If you are using Windows or an Intel-based Mac for the MLOps for ALL practical exercises, you can prepare an Ubuntu desktop environment using virtual machine software such as VirtualBox or VMware. Please make sure to meet the recommended specifications when creating the virtual machine. However, for those using an M1 Mac, as of the date of writing (February 2022), VirtualBox and VMware are not available. (Check if macOS apps are optimized for M1 Apple Silicon Mac) Therefore, if you are not using a cloud environment, you can install UTM, Virtual machines for Mac, to use virtual machines. (Purchasing and downloading software from the App Store is a form of donation-based payment. The free version is sufficient as it only differs in automatic updates.) This virtual machine software supports the Ubuntu 20.04.3 LTS practice operating system, enabling you to perform the exercises on an M1 Mac.
However, since it is not possible to use all the elements described in the Components of MLOps, MLOps for ALL will mainly focus on installing the representative open source software and connecting them to each other.

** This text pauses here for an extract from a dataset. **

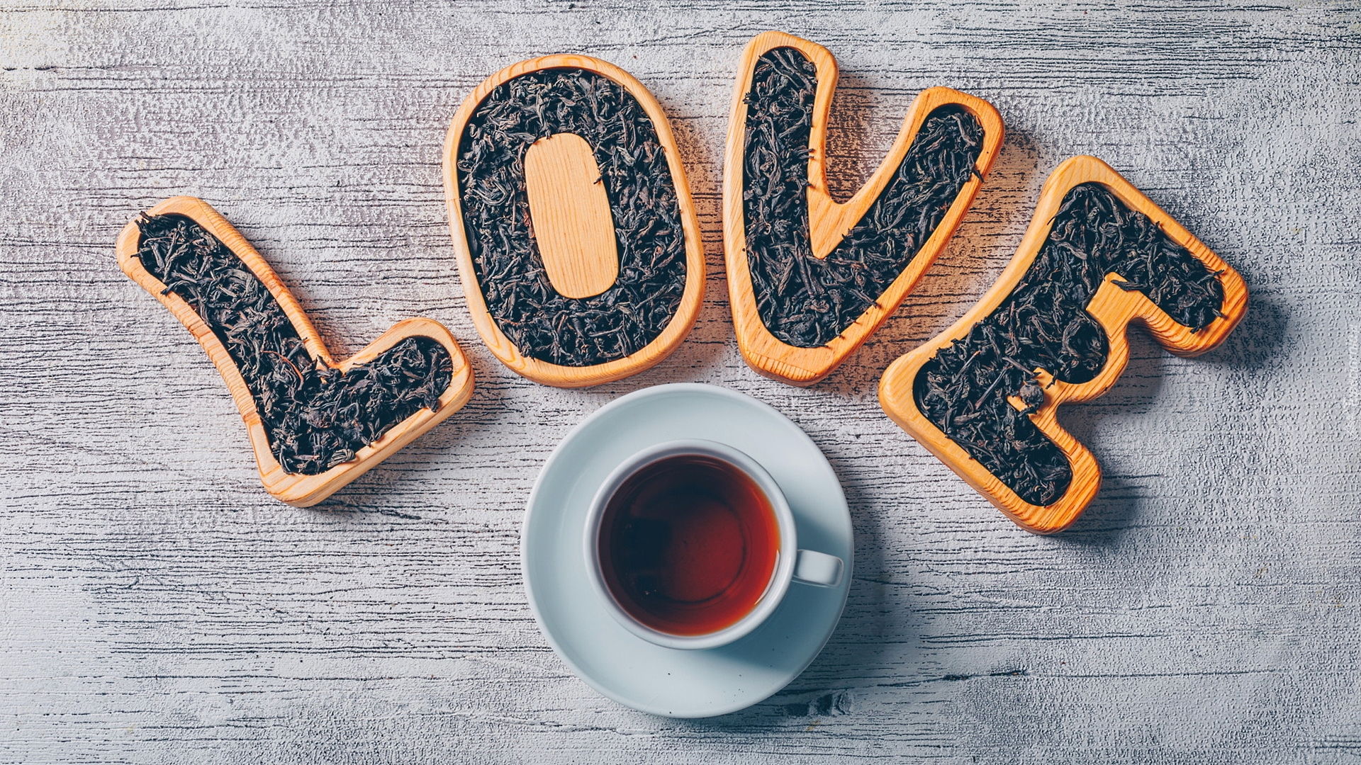Edytor tapety: Napis love nad filiżanką herbaty

It is not meant that installing open source software in MLOps for ALL is a standard, and we recommend choosing the appropriate tool that fits your situation.
Components
The components of the MLOps system that we will make in this article and each version have been verified in the following environment.
To facilitate smooth testing, I will explain the setup of the Cluster and Client as separate entities.
The Cluster refers to a single desktop with Ubuntu installed.
The Client is recommended to be a different desktop, such as a laptop or another desktop with access to the Cluster or Kubernetes installation. However, if you only have one machine available, you can use the same desktop for both Cluster and Client purposes.
Cluster
1. Software
Below is the list of software that needs to be installed on the Cluster:
Software | Version |
---|---|
Ubuntu | 20.04.3 LTS |
Docker (Server) | 20.10.11 |
NVIDIA Driver | 470.86 |
Kubernetes | v1.21.7 |
Kubeflow | v1.4.0 |
MLFlow | v1.21.0 |
2. Helm Chart
Below is the list of third-party software that needs to be installed using Helm:
Helm Chart Repo Name | Version |
---|---|
datawire/ambassador | 6.9.3 |
seldonio/seldon-core-operator | 1.11.2 |
Client
The Client has been validated on MacOS (Intel CPU) and Ubuntu 20.04.
Software | Version |
---|---|
kubectl | v1.21.7 |
helm | v3.7.1 |
kustomize | v3.10.0 |
Minimum System Requirements
It is recommended that the Cluster meet the following specifications, which are dependent on the recommended specifications for Kubernetes and Kubeflow:
- CPU: 6 cores
- RAM: 12GB
- DISK: 50GB
- GPU: NVIDIA GPU (optional)